*** Data in this exercise ***

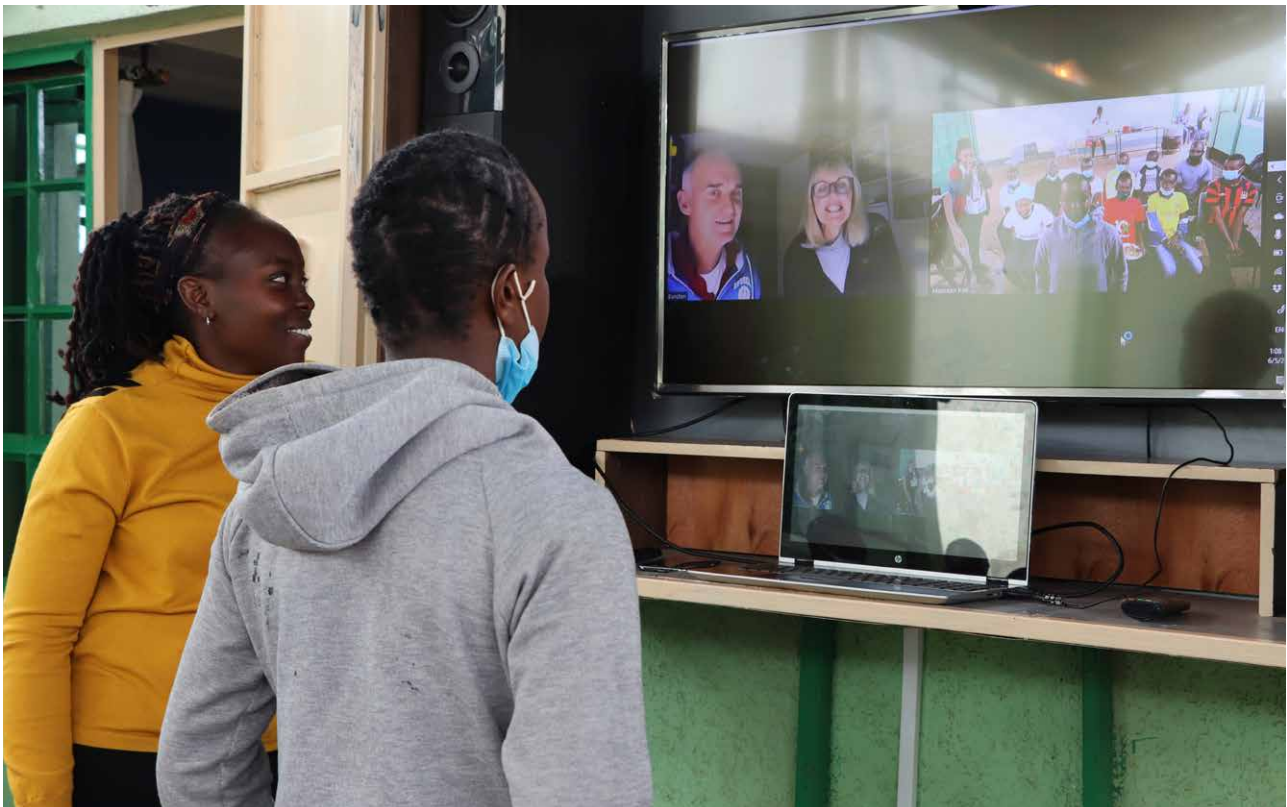
MENTORSHIP VIA ZOOM
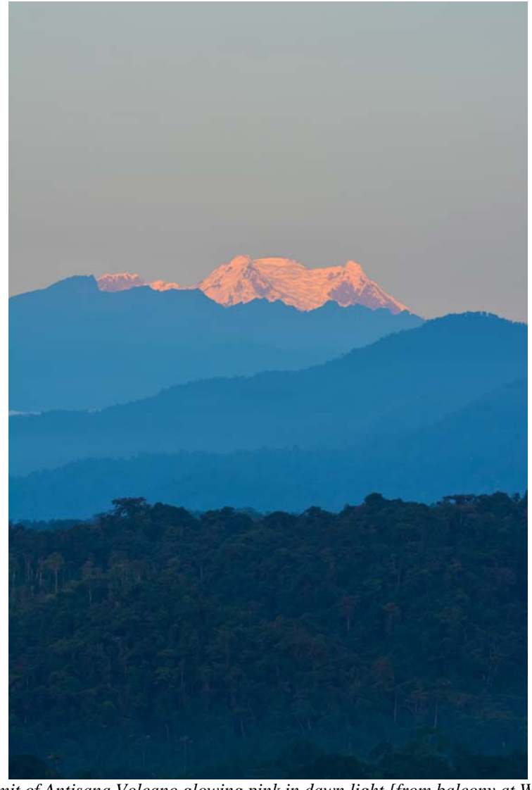
Snow-covered summit of Antisana Volcano glowing pink in dawn light [from balcony at Wild Sumaco Lodge]
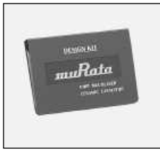
A. 7-3/4x5 Blue Binder with Sleeves
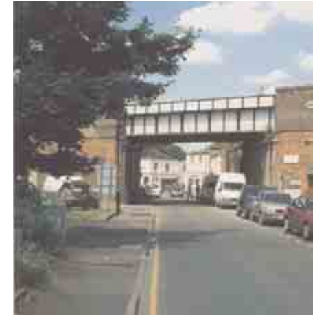
The historical street edge, like the remainder of the original community has been removed. The only legacy of this period is the Former School House, which was the focus for the community.
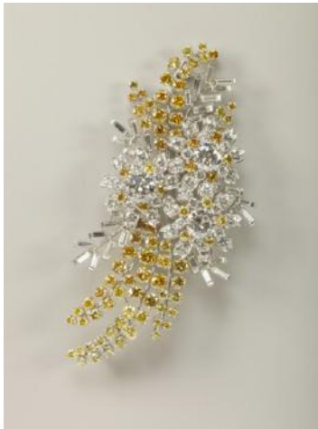
Australian Wattle Brooch, 1954
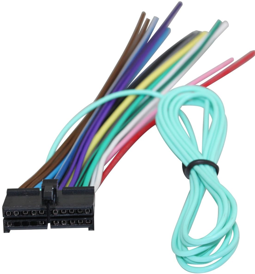
Figure 1: Overview of the Sky International 20-Pin Power Plug Cable Assembly, showing the multi-colored wires and the main connector.
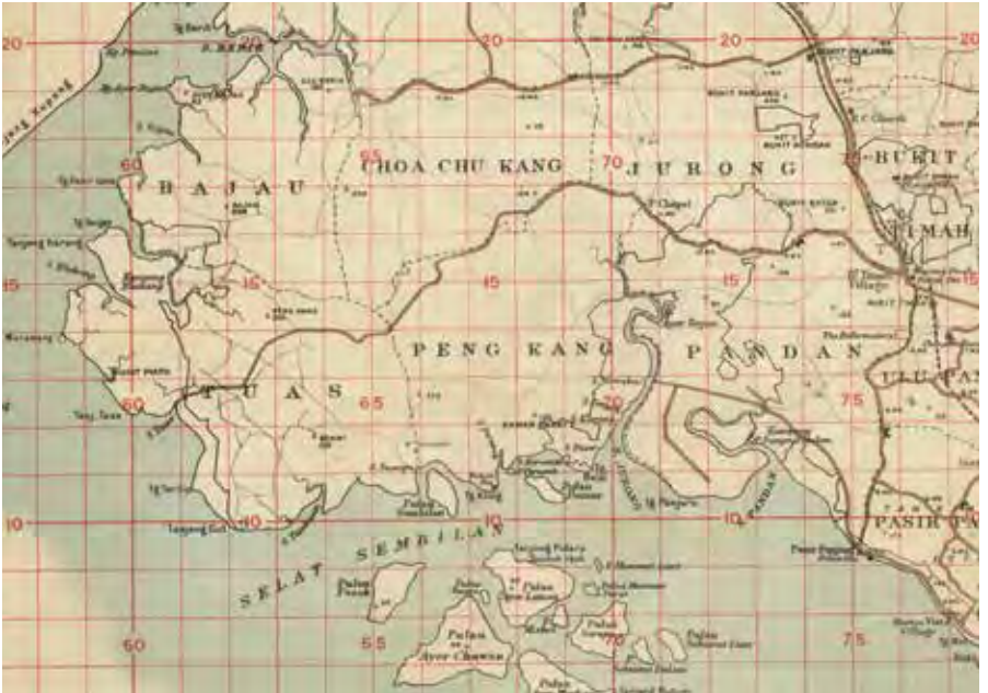
Jurong and its surrounding areas in a 1911 map of Singapore.

"Jurong, as I know, is bounded by Bukit Timah Road — so called seven miles (7th milestone). The extended road beyond 7 miles is called Jurong. From that road leading to the sea, and even to Pasir Laba, opposite Johor, is also called Jurong. Jurong encompasses a very broad boundary."
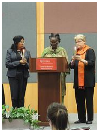
Closure of the symposium.

The morning started with a panel on Women's Rights, moderated by Prof. Zakia
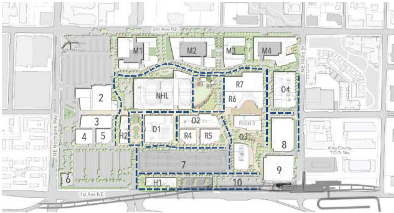
*Areas discussed in this meeting outlined in blue
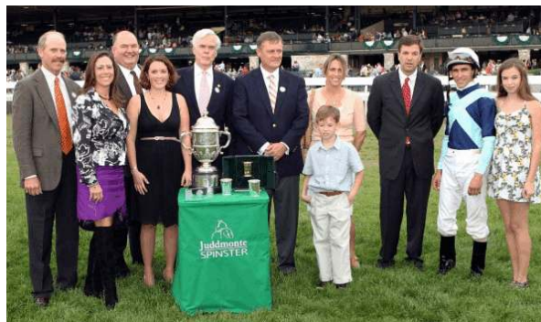
Spinster Trophy Presentation

Aruna followed the lead of her paternal siblings Crusade and Western Aristocrat to become the weekend's third winner at the top level for the late Gainesway stallion Mr. Greeley (Gone West), who was euthanized last November after complications from laminitis. Crusade took the G1 Middle Park S. at Newmarket, while Western Aristocrat upset the GI Jamaica H. at Belmont--both on Saturday.
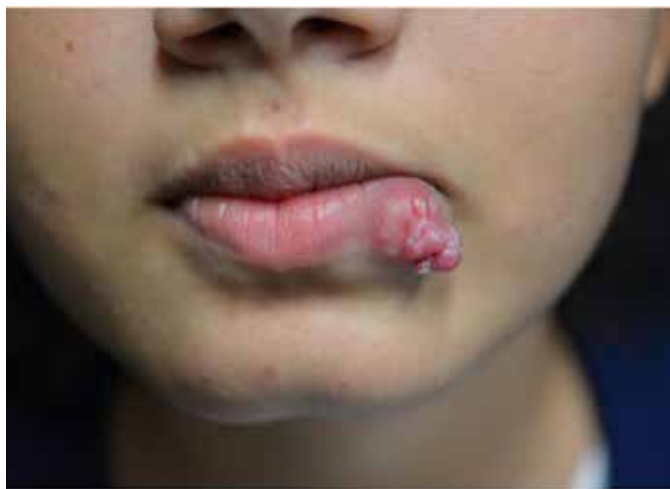
FIGURE 1: Nodosidade eritemato-violácea, de superfície mamilonada e consistência fibroelástica

The desmoid tumor or desmoid fibromatosis consists of fibroblastic proliferation, originating in the soft tissues, with benign behavior. McFarlane first described it in 1832, and Muller coined the term desmoid five years later, based on the myofibroblastic cells that constitute these tumors. It has an estimated frequency of 3% of all soft tissue tumors. It most commonly affects individuals between 15 and 60 years old, being rare in the pediatric age group and after the fourth decade, with a slight preference for women. Its most frequent form of presentation is intra-abdominal, accounting for about 70% of cases. 6,7,8
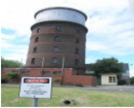
FORMER NEWPORT RAILWAY WORKSHOPS SOHE 2008
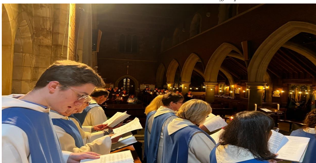
The choir lead a beautiful Advent Carol Service.
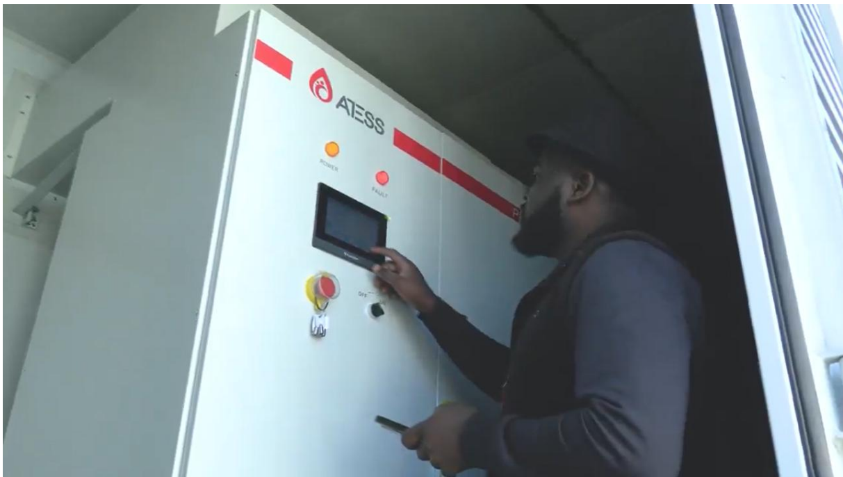
Two sets of ATESS PCS630 battery inverters

3. Inverter System: Two ATESS PCS630 inverters manage power flow and provide seamless switchover between on-grid and off-grid modes, and the switching time is 0ms. This rapid transition capability guarantees a smooth, uninterrupted power supply essential for continuous factory operations.
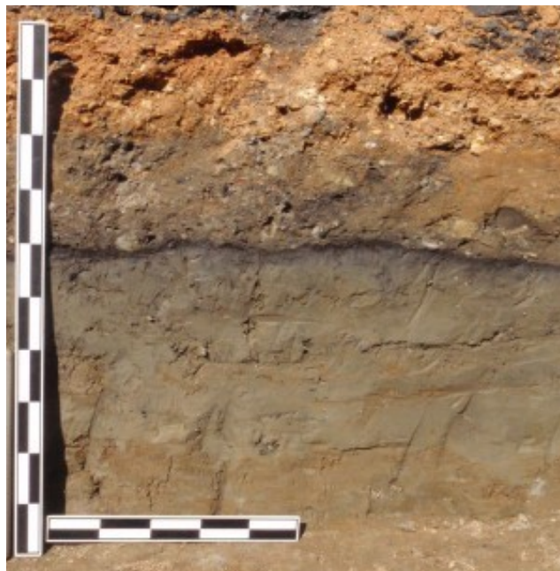
Detail of puddling layer within the central portion of Trench 1

The lower extent of the Alexandria Canal turning basin was uncovered in Trenches 1, 2, 5, and 6. Elements of the canal prism (the watered channel of the canal) and the northern berm of the turning basin were identified. At the surface of the prism, a thin lens of dark, organic soil indicated that the basin was left open after its abandonment and plant growth suggested it was no longer filled with water. Clay and sand layers were identified that formed the impermeable lining of the base and sides of the basin. The soils used to construct the canal's sub-structure appear to have been obtained locally. Clay in the base of the turning basin was laid using a puddling process . Puddling took finely chopped clay mixed with water and laid down in a fluid consistency. To retain their moisture and impermeability, the puddling layer was covered with sandy soil. Although the construction was alike to other canals, the number of layers of clay and sand revealed that the
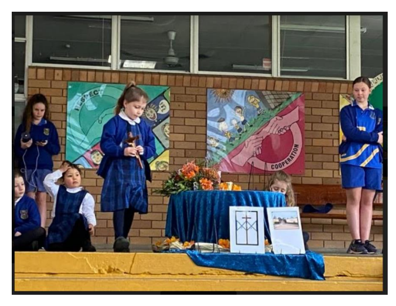
The Feast of the Assumption of Mary
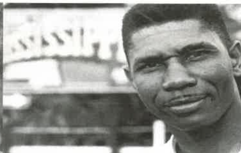
MEDGAR WYLIE EVERS ASSASSINATED 1963 BAPTIST

BECAUSE IT WAS THE AMERICAN & HUMAN THING TO DO ! THESE VOTER REGISTRATIN VOLUNTEERS WERE ASSASSINATED 1964

***

Problem description: What's needed is an exact copy of the records above from the line containing "Figure 1: Overview" down to the line containing "Jurong and its", both included, without any pictures.

Task solution:
Figure 1: Overview of the Sky International 20-Pin Power Plug Cable Assembly, showing the multi-colored wires and the main connector.
Jurong and its surrounding areas in a 1911 map of Singapore.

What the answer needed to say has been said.